[lto-plugin, build] Don't link libiberty.a into liblto-plugin.a
Dave Korn
dave.korn.cygwin@gmail.com
Wed Dec 15 17:09:00 GMT 2010
On 15/12/2010 16:54, Rainer Orth wrote:
> Hi Dave,
>
>> Bad news I'm afraid. It broke the plugin on Windows: it doesn't build a DLL
>> any more, because ...
> [...]
>> Do you actually have any use for the static version of the plugin? If not,
>> and you were just trying to avoid an assertion that won't happen any more, it
>> would be helpful if you could revert your patch until we've had time to figure
>> out a fuller fix.
>
> I can do that, but I still can't see any use for a static plugin
> anywhere (not knowing Windows at all, fortunately :-)

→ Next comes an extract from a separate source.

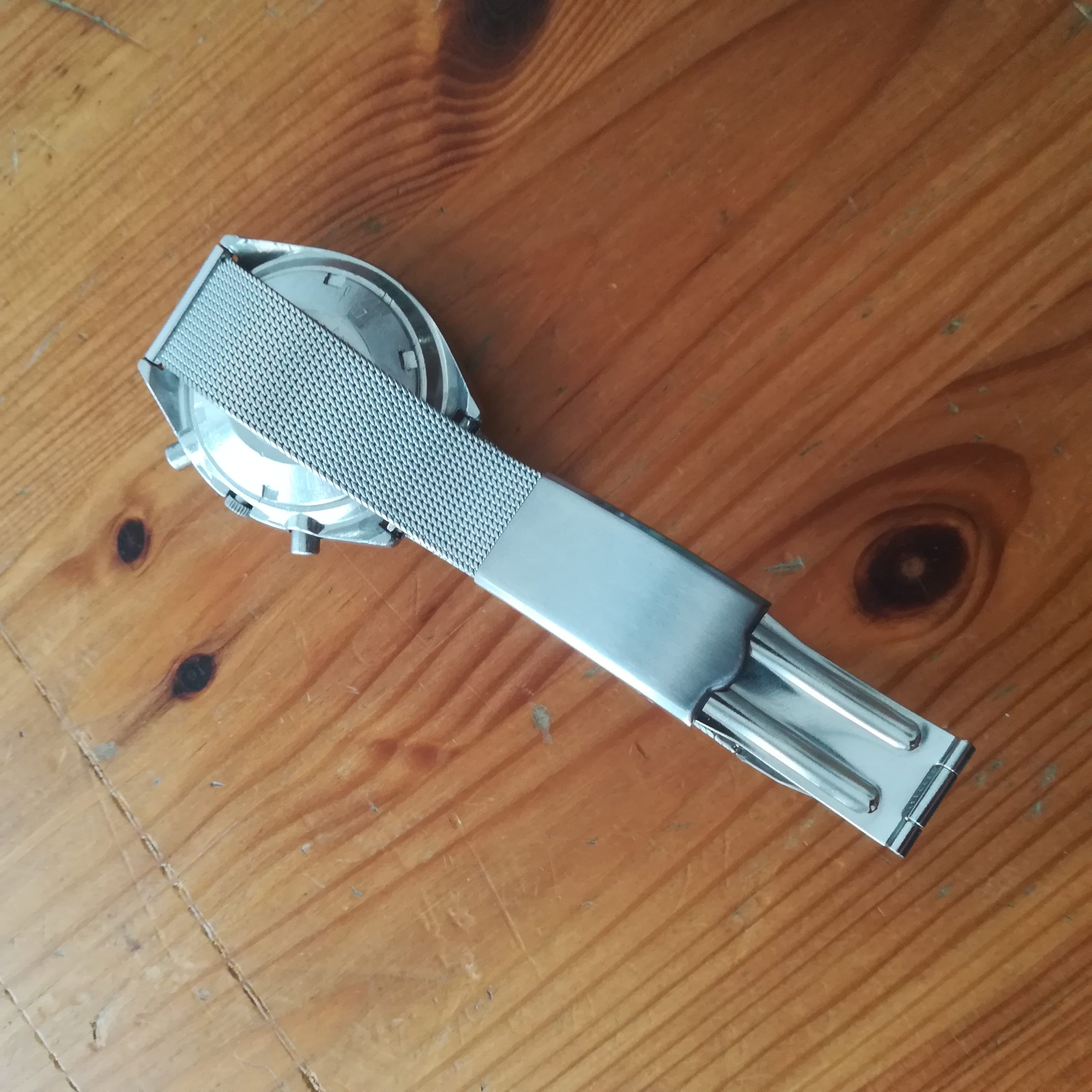 The stainless steel case has some scratches – please check the photos. The dial color is petrol-blue. The watch also features a new stainless steel bracelet, mesh-style. It will fit wrists of up to 21 cm. Water resistance has not been tested, therefore it must be treated as NON-waterproof.
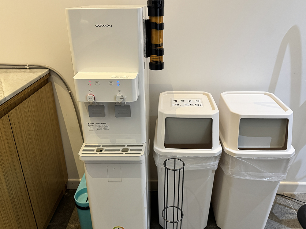커피머신과 정수기, 전자레인지가 있습니다.

It's not a windows thing, it's just that libtool always builds both a static
and a shared library. There is in fact a potential use for it; libtool
supports pseudo-dlopening on systems that don't actually have shared libraries
by statically linking that archive into the program that wants to use it -
i.e., ld in this case. But I don't know any systems that support LTO but not
shared libs.
>> Ralf, does this mean we need to make a libiberty convenience library somehow?
>
> That has been my suggestion all along, though nobody commented on that
> so far. Manually hacking around what libtool is designed to do doesn't
> seem like the right way to handle this.
Well, what I don't know is whether we have to fully libtoolize libiberty, or
whether perhaps we can just get lto-plugin to build and link in a libtoolized
convenience library, using the existing libiberty .a or .o files.